**About this exercise:** The answer must reproduce the listing exactly, with every picture left out.

**Input data:**

---

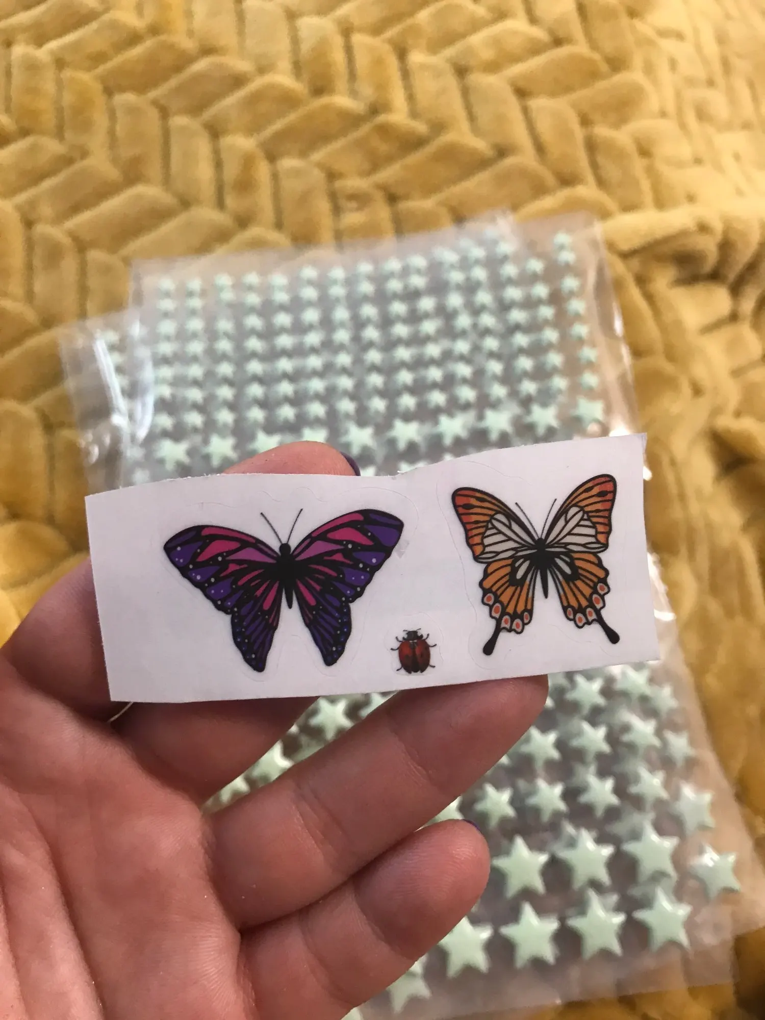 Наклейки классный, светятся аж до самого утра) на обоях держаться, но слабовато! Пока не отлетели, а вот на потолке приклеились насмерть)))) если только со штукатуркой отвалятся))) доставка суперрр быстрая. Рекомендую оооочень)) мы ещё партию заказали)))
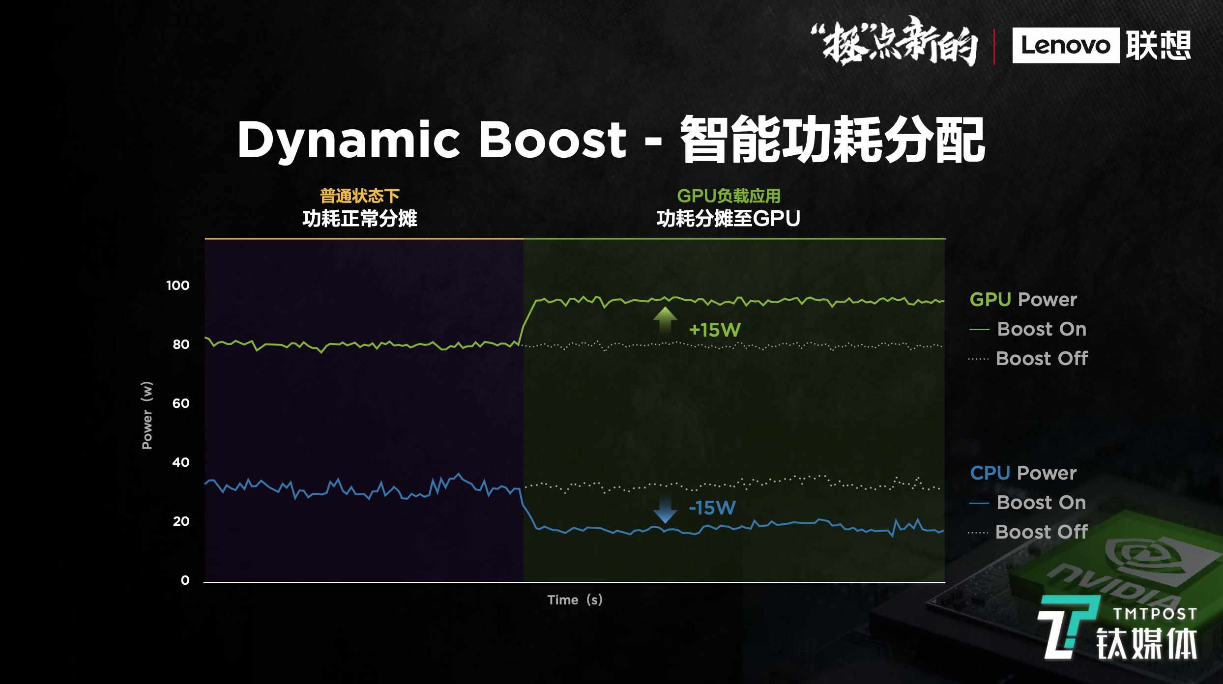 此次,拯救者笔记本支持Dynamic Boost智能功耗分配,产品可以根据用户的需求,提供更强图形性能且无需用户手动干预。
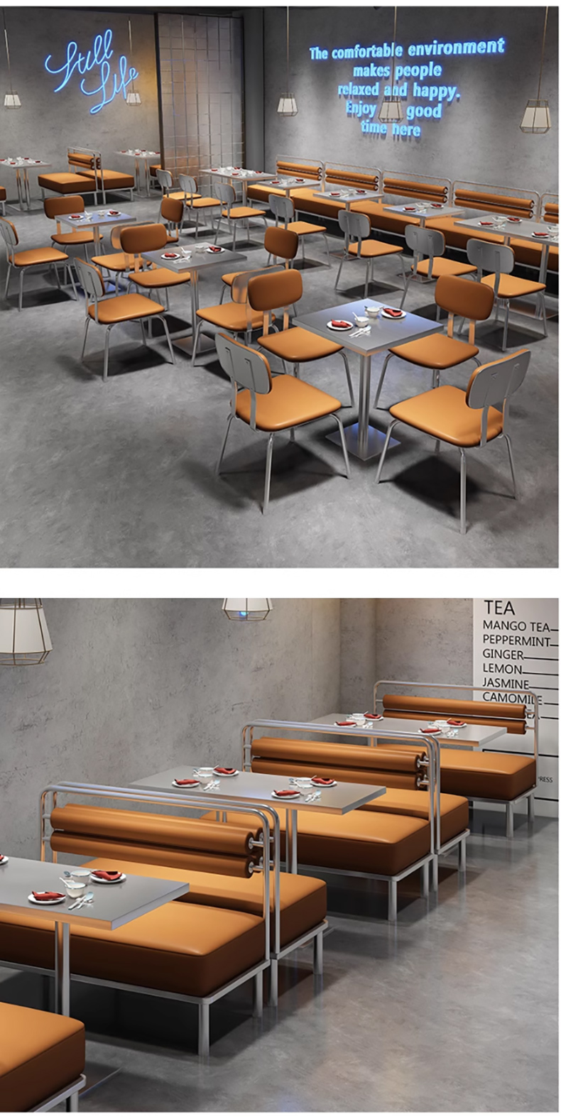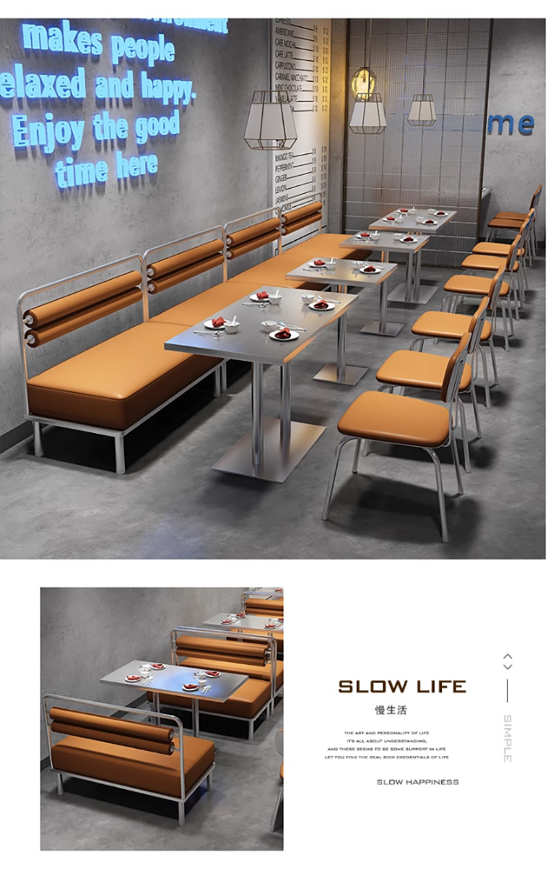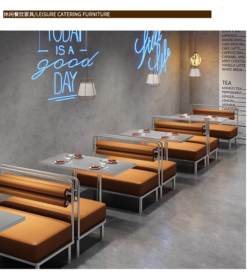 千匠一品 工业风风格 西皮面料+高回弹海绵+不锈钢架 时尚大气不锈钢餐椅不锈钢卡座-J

---

**Solution to this exercise:**
 Наклейки классный, светятся аж до самого утра) на обоях держаться, но слабовато! Пока не отлетели, а вот на потолке приклеились насмерть)))) если только со штукатуркой отвалятся))) доставка суперрр быстрая. Рекомендую оооочень)) мы ещё партию заказали)))
 此次,拯救者笔记本支持Dynamic Boost智能功耗分配,产品可以根据用户的需求,提供更强图形性能且无需用户手动干预。
 千匠一品 工业风风格 西皮面料+高回弹海绵+不锈钢架 时尚大气不锈钢餐椅不锈钢卡座-J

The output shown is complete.